From Rhode Island Lawyers Weekly: “Bar: ruling on fee motions to add expense, complexity” by Sheri Qualters
July 20, 2016: A recent state Supreme Court decision finding that affidavits or testimony supporting counsel fee motions should come from a Rhode Island bar member who is not part of the case brings clarity and consistency to the process but also makes it more costly and complicated, practitioners say.
The Supreme Court vacated Superior Court Judge Bennett R. Gallo’s decision to award plaintiff Tri-Town Construction Co. $43,227.25 in attorneys’ fees in a case involving a loan for a real estate development deal.
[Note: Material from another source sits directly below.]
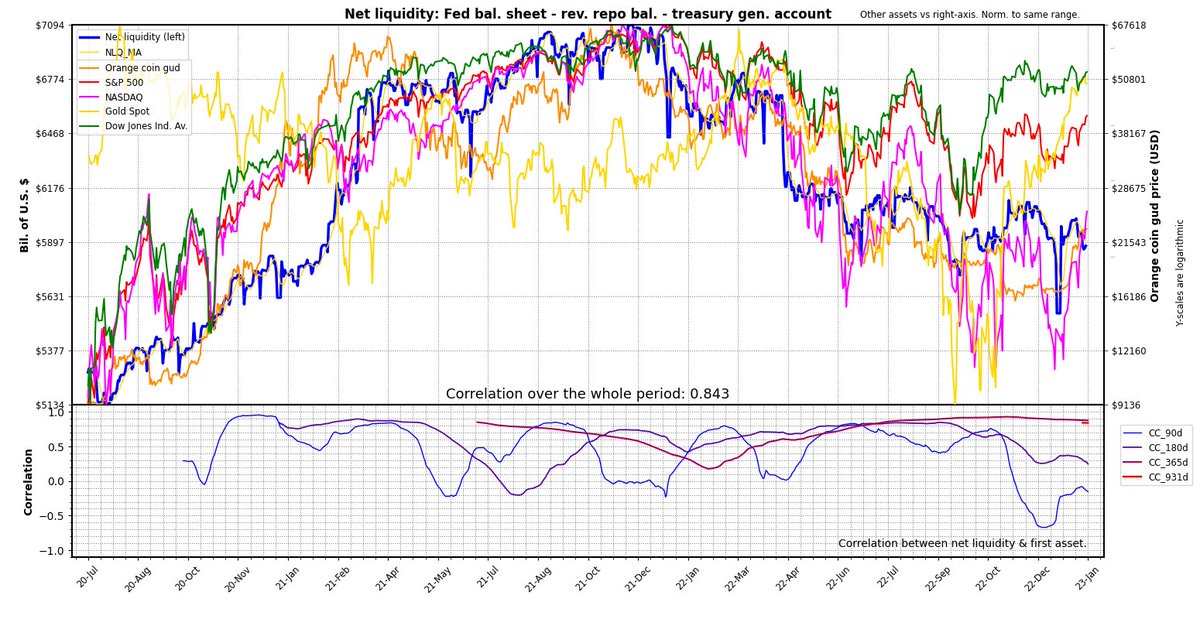2/ Following March 2020, the huge surge in net liquidity caused by unprecedented QE made this liquidity tide the primary driving force in markets. High correlation now seen between SPX, NDQ, DJI, BTC etc & NLQ. Great intro here by @maxjanderson:

In remanding the plaintiff’s case against developer Commerce Park Associates 12 LL and manager Nicholas E. Cambio, the court directed Gallo to consider the testimony or affidavit of an independent lawyer about the reasonableness and necessity of Tri-Town’s fees.
[…] The opinion, which cites Florida and Vermont case law, places Rhode Island on the restrictive end of the spectrum in terms of how much leeway judges have to evaluate fee applications, said Niki Kuckes, a professor at Roger Williams University School of Law who has studied counsel fees.
Litigants would not need expert testimony in a comparable case in Rhode Island federal court, according to 1st U.S. Circuit Court of Appeals standards, she said.
“Rhode Island has taken the view that that’s not proper for the judge to bring his or her own expertise to bear,” Kuckes said. “Other jurisdictions say it is proper.”
[…] The requirement for an expert opinion about a fee application increases the likelihood that an opposing party will hire its own expert to weigh in, which would add an additional layer of complexity to the process, Kuckes said.
“[The rule] is not appropriate to every occasion in which fees are sought. It can be appropriate for a very large, complex case that spans a number of years, but not necessarily for a small, routine contract dispute,” she said.